Yup, probably bit of truth to both sides. Who needs this type of crap ? Be sweet justice if the relevant AO's had a "oops, you've behaved like a royal twat" rule and suspended firearms licences for the roar...

----------


## jakdanby

> why do these magazine writers think there shit don't stink.... its not the first time iv seen it.
> but both parties as bad as each other really, your spot was taken, move on!


It doesnt matter who we are, I just wanted to make sure Kingston knows how small the hunting community is. No courtesy, manners, not even a request if we mind them camping 5m from our camp in the middle of the night, and having the cheek to let us know more than once if we didnt like their actions we could piss of somewhere else. Imagine this happenning to you at 1am in the morning after a long week at work. I can deal with this to some respect as I know there are some fuckwits you meet in life.
What I cant deal with is when someone jeopardise our safety and bullshits about where hes going to hunt.

----------


## jakdanby

> Yup, probably bit of truth to both sides. Who needs this type of crap ? Be sweet justice if the relevant AO's had a "oops, you've behaved like a royal twat" rule and suspended firearms licences for the roar...



Amen,

Who needs this shit when you head off hunting. 
We definately didnt need that shit at 1am in the morning. How hard would it have been to ask if they could camp there, and mention they would pack up and camp somewhere else for the weekend, just need somewhere to sleep, just a little common curtosity that most people possess and some commonsence . Atleast a little room for comfort? there was easily enough room to be 20-30m away, no they had to kick a few items of our camp rubbish to the sides, that is how close they were camping. Not to mention the multiple other areas to camp within 5-20mins 4wd.

We were the ones that moved on once we had our one hunt in the area, Already had enough of having our toes stepped on

----------


## R93

How was your safety jeopardized? Did you encounter him on your hunt?  

Sorry but throwing safety issues around to add weight to your situation is complete bullshit unless there is a real reason to do so. Suspicion is not a reason. I am not sure you did yourself any favours with that spiel to the police unless he knows you and will write it off, as it should be imho.
I also have to ask myself what sort of hunter would want to cover the same ground as someone else, the same day, intentionally anyway?

----------


## kiwi39

> Not obvious to you Kyle Mitchell that other hunter you were rude arrogant disrespectful was to me, Julian Danby- Kingston if you dont know who I am, im a writer for NZHunter, and until recently part of the Rod and Rifle team and also part of the Stoney Creek test fire team.


So what ? 

Should he have recognised you and would that have led to him treating you differently ? 




> It was easly enough to recognise you with kingston Cowboy badges on all your garments. FYI you usually have your name tags on the inside of your clothing As to those scratches.... really , I would be doing something of more inconvenience to you than scratching your ute. 
> Your sneaky slimy arrogant dishonest dangerous disgraceful inconsiderate actions will not be tollerated again!

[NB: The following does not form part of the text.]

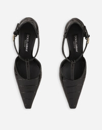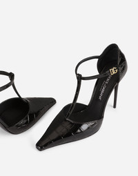 Crocodile-print calfskin T-bar pumps

Sounds about as bad as self professed superheroes who write for NZ Hunter and are former members of blah blah 




> really , I would be doing something of more inconvenience to you than scratching your ute. 
> Your sneaky slimy arrogant dishonest dangerous disgraceful inconsiderate actions will not be tollerated again!


Tolerated ?? By whom ? Are you some kind of Hunting god ?? Writing on someones windows ?? 

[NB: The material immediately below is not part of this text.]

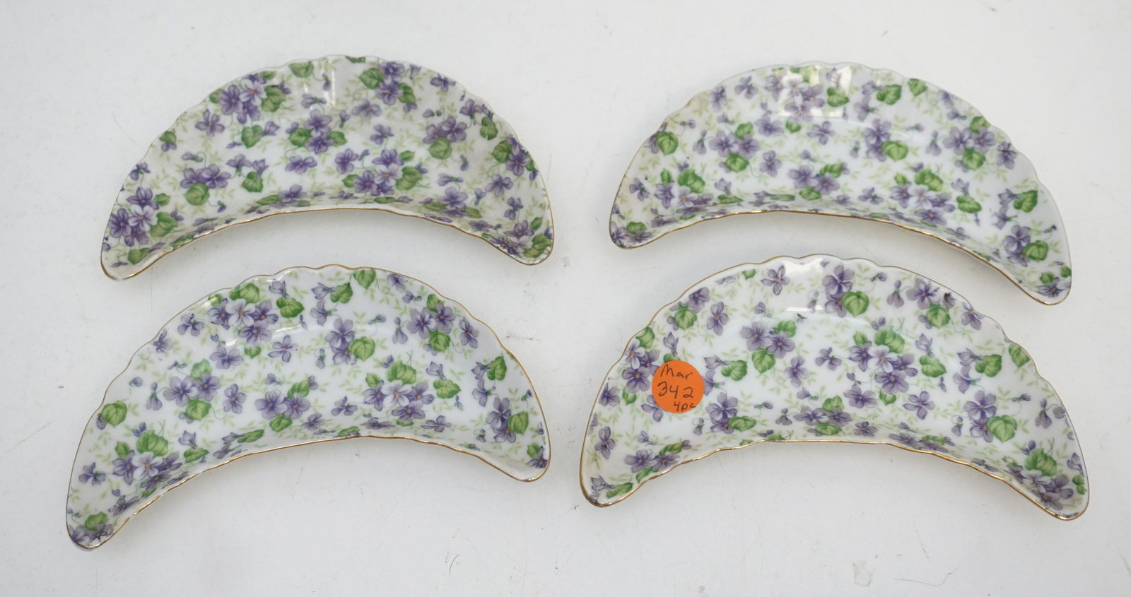 4 LEFTON CHINA VIOLET CHINTZ BONE PLATES

Honestly,  what a fucking kindergarten. It doesnt sound as if either party behaved in an appropriate way - fault on both sides. 

I suggest the mods close this shit down and leave both parties to sort their fucking knitting out via private channels.

This kind of self justification and open scrapping is not the kind of thing that belongs on this forum. Take it offline or to another forum, more suited to this kind of bullshit. 

Rant ENDs.

----------


## Gibo

Oh Kiwi this was my fun read, dont make it stop  :Grin:

----------


## Blaser

I'd be pissed off too if someone went and hunted the same spot at the same time that was there, specially after having giving discussing where everyone was hunting for the morning. Not the brightest thing to do as it puts both parties at risk. Really shows his total disregard to firearm safety, hunting an area he new hunters were already in. 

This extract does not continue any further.